Singapore’s real estate market has captured the attention of investors from all across the globe. Superior infrastructure, solid transportation network, and a disciplined community have all helped foster confidence in the country’s economy and why it is worthy of foreign investment. If you wish to ride this promising trend for the long haul but is not experienced enough to decide where and how to start, here are 5 tips to investing in Singapore’s real estate market.
Finding a Good Location
Location is everything when it comes to real estate. Prime areas tend to attract more buyers because its surrounding establishments, public services, and transportation options signal microeconomics health. If you’re an investor who wants to flip houses quick and easy and pocket the difference as profit, investing in a studio apartment within a buzzing financial center or technology hub is a far wiser decision than investing in large properties located in the middle of nowhere. You can find a myriad of ideal locations by watching Singapore property news and subscribing to websites related to local real estate.
Financing Your Investment
Starting a real estate investment portfolio can be very expensive. Fortunately, you can take out loans to buy investment properties and still be considered to have “good” debt. This is because owning investment properties generate a passive source of income and has numerous tax benefits all while the actual property is accruing in value over time.
Choosing a Broker
Hiring a real estate agent is especially vital for expat investors who do not have prior experience when it comes to investing in local properties. Consult a real estate broker and thoroughly explain your investment objectives including how long you can park capital in any one property and what types of property you are most interested in. If you choose to work with multiple real estate agents, make sure to keep them looking at different locations to avoid confusion and redundant search results.
Inspect the Property
Don’t just rely on what brokers and analysts tell you are good investments. Inspect the properties yourself. Before purchasing any property, make sure the person you’re in contact with is the legal owner and seller of the property. Don’t hesitate to ask for proof of ownership before putting up money. If you’re buying property from a seller who has recently filed for bankruptcy, make sure the seller has obtained a written letter from the Official Assignee and is entitled to oversee the property’s sale.

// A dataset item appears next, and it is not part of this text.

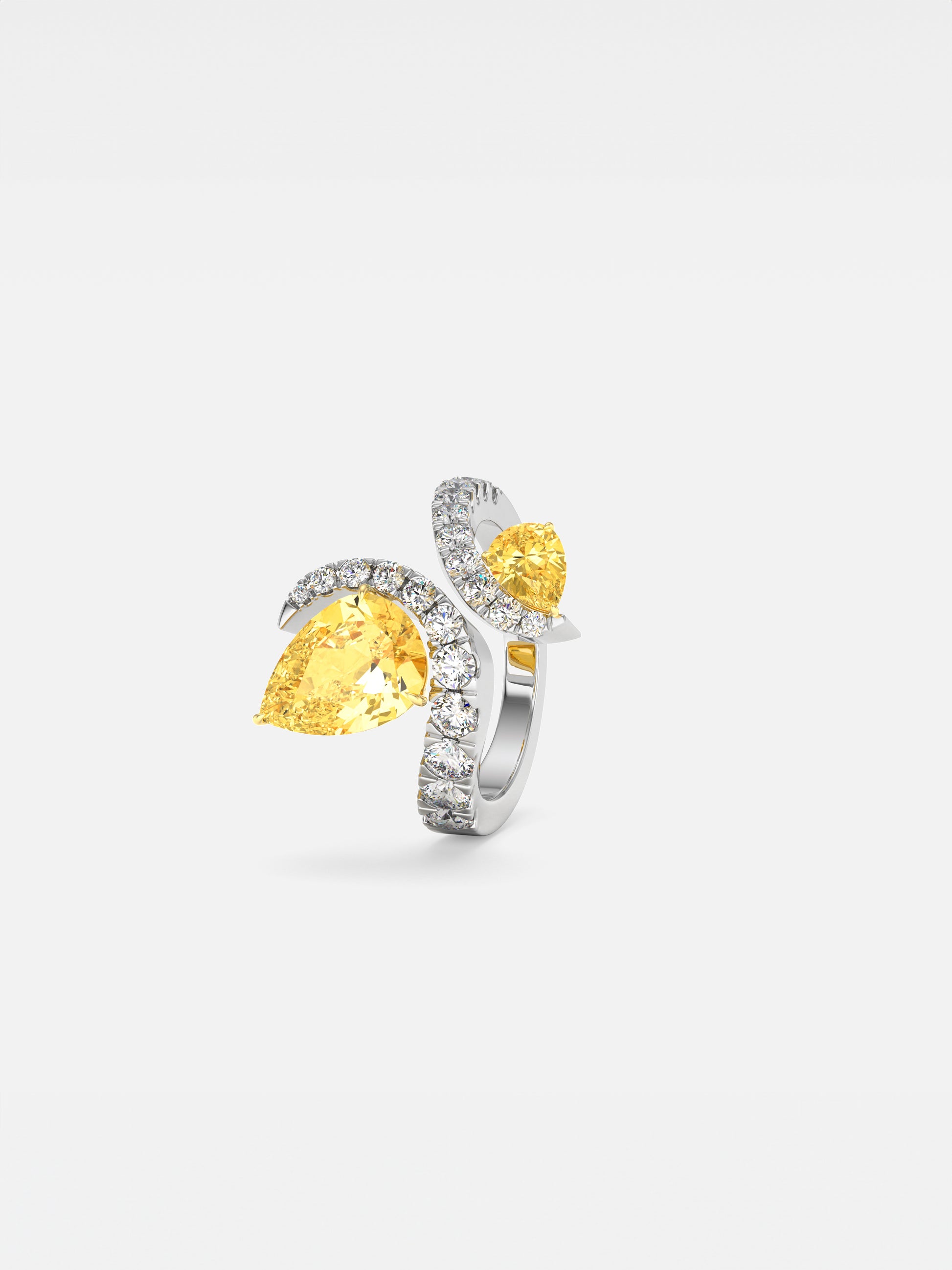 The Sienna Ring captures light and movement in a sculptural 18k white gold design. Two pear-shaped yellow sapphires surrounded by a trail of brilliant diamonds. Effortlessly modern yet timeless, this ring embodies Sienna’s radiant confidence and enduring beauty, a perfect harmony of strength and refinement.

If the seller of the property has made any form of renovation to the interior or to the surroundings of the property, make sure that such renovations were legally approved by a housing committee. If any rectifications to the changes are demanded by housing authorities, the seller/previous owner will be held accountable for the expenses.
Aside from the aforementioned factors, you should also look at the type and size of the property and the accessible amenities offered to its tenants. These factors will play a key role in how fast you can resell the property and how much you can profit from it.